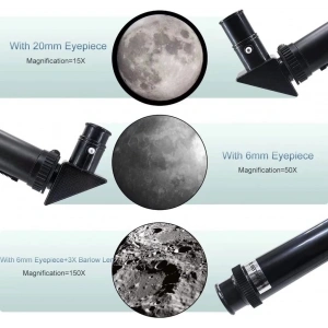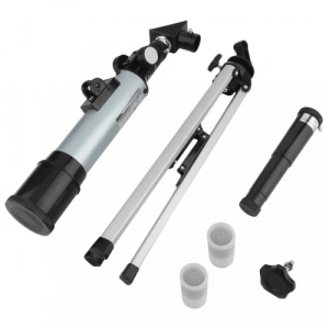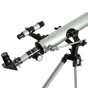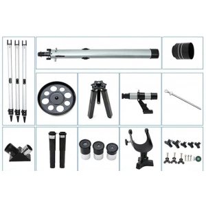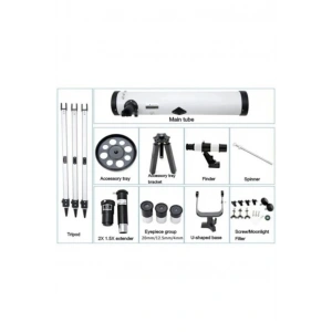 900x60 Uzay Teleskobu 1000m/4m 900x60 serisi teleskoplar, astronomi ve yeryüzü gözlemlerine ilk adım atmak isteyen çocuklar ve aileler için çok uygun giriş seviyesi teleskoplardır. Kolay kurulum özellikleri ile pratik kullanım sağlarlar. Hızlı ve kolay kurulum pürüzsüz izleme için yavaş hareket kontrolleri karasal ve astronomik kullanım için idealdir gelişmiş resim parlaklığı ve netlik için yüksek iletim kaplamalar ile tamamen kaplanmış cam optik bileşenler 900x60 Profesyonel Uzay Teleskobu ile yıldızlar ve gökyüzünü izlemek artık çok kolay. 900x60 Profesyonel Uzay Teleskobu 1 km yi 4 metreye kadar yakınlaştırarak net bir görüş sağlar. Artık sizde bilim adamları gibi Ayı, Yıldızları, Uzayı kısaca gökyüzünde görülmeye değer ne varsa hepsini yakından görebilir ve yeni keşiflerde bulunabilirsiniz Üstelik yeryüzü de gözlenebilir. Yeryüzünü izleyebilirsiniz fakat bütün aynalı teleskoplar ters göstermektedir. Düz görmek istiyorsanız extra aparat olması gerekmekte. ( Karayı düz gösteren aparat dahil değildir. ) Tasarımı şık, kullanımı kolay ve güvenilirdir, Çok az bakım gerektirir Teknik Özellikler : 675X Büyütme 3 oküler Barlow lens Ay filtresi Tüp uzunluk : 90 cm Tüp çapı : 6 cm Tripod Akromatik refratör optik çapı : 90 mm Odak uzunluğuOdak oranı : 900 mm Nişanlama dürbünü : 5x Oküler : H 20mm, H 12.5mm, H 4mm
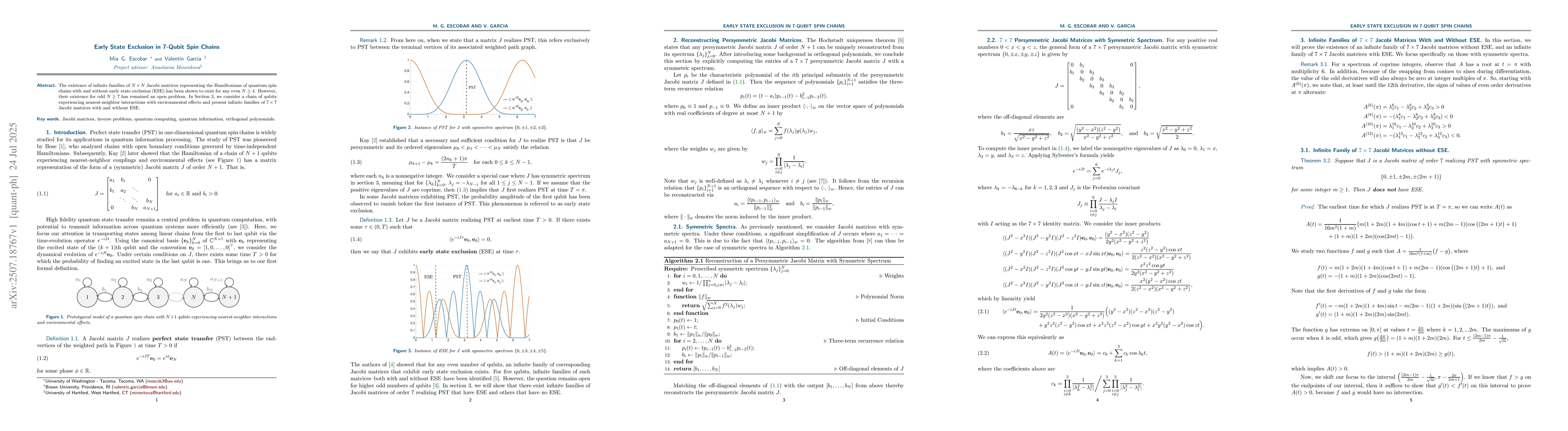The existence of infinite families of $N \times N$ Jacobi matrices representing the Hamiltonians of quantum spin chains with and without early state exclusion (ESE) has been shown to exist for any even $N \geq 4$. However, their existence for odd $N \geq 7$ has remained an open problem. In Section 3, we consider a chain of qubits experiencing nearest-neighbor interactions with environmental effects and present infinite families of $7 \times 7$ Jacobi matrices with and without ESE.
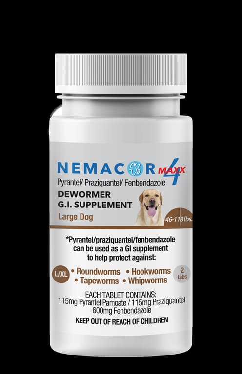 Nemacor Maxx 4 Quad Wormer is a GI supplement for use against Hookworms, Roundworms, Whipworms and Tapeworms. Suggested dosage is one tablet based on the dogs weight. Two tablets per bottle in all sizes.Specifications

## Aim of the exercise
All of the material above is to be copied exactly, except for its images.

## Answer box
 900x60 Uzay Teleskobu 1000m/4m 900x60 serisi teleskoplar, astronomi ve yeryüzü gözlemlerine ilk adım atmak isteyen çocuklar ve aileler için çok uygun giriş seviyesi teleskoplardır. Kolay kurulum özellikleri ile pratik kullanım sağlarlar. Hızlı ve kolay kurulum pürüzsüz izleme için yavaş hareket kontrolleri karasal ve astronomik kullanım için idealdir gelişmiş resim parlaklığı ve netlik için yüksek iletim kaplamalar ile tamamen kaplanmış cam optik bileşenler 900x60 Profesyonel Uzay Teleskobu ile yıldızlar ve gökyüzünü izlemek artık çok kolay. 900x60 Profesyonel Uzay Teleskobu 1 km yi 4 metreye kadar yakınlaştırarak net bir görüş sağlar. Artık sizde bilim adamları gibi Ayı, Yıldızları, Uzayı kısaca gökyüzünde görülmeye değer ne varsa hepsini yakından görebilir ve yeni keşiflerde bulunabilirsiniz Üstelik yeryüzü de gözlenebilir. Yeryüzünü izleyebilirsiniz fakat bütün aynalı teleskoplar ters göstermektedir. Düz görmek istiyorsanız extra aparat olması gerekmekte. ( Karayı düz gösteren aparat dahil değildir. ) Tasarımı şık, kullanımı kolay ve güvenilirdir, Çok az bakım gerektirir Teknik Özellikler : 675X Büyütme 3 oküler Barlow lens Ay filtresi Tüp uzunluk : 90 cm Tüp çapı : 6 cm Tripod Akromatik refratör optik çapı : 90 mm Odak uzunluğuOdak oranı : 900 mm Nişanlama dürbünü : 5x Oküler : H 20mm, H 12.5mm, H 4mm
The existence of infinite families of $N \times N$ Jacobi matrices representing the Hamiltonians of quantum spin chains with and without early state exclusion (ESE) has been shown to exist for any even $N \geq 4$. However, their existence for odd $N \geq 7$ has remained an open problem. In Section 3, we consider a chain of qubits experiencing nearest-neighbor interactions with environmental effects and present infinite families of $7 \times 7$ Jacobi matrices with and without ESE.
 Nemacor Maxx 4 Quad Wormer is a GI supplement for use against Hookworms, Roundworms, Whipworms and Tapeworms. Suggested dosage is one tablet based on the dogs weight. Two tablets per bottle in all sizes.Specifications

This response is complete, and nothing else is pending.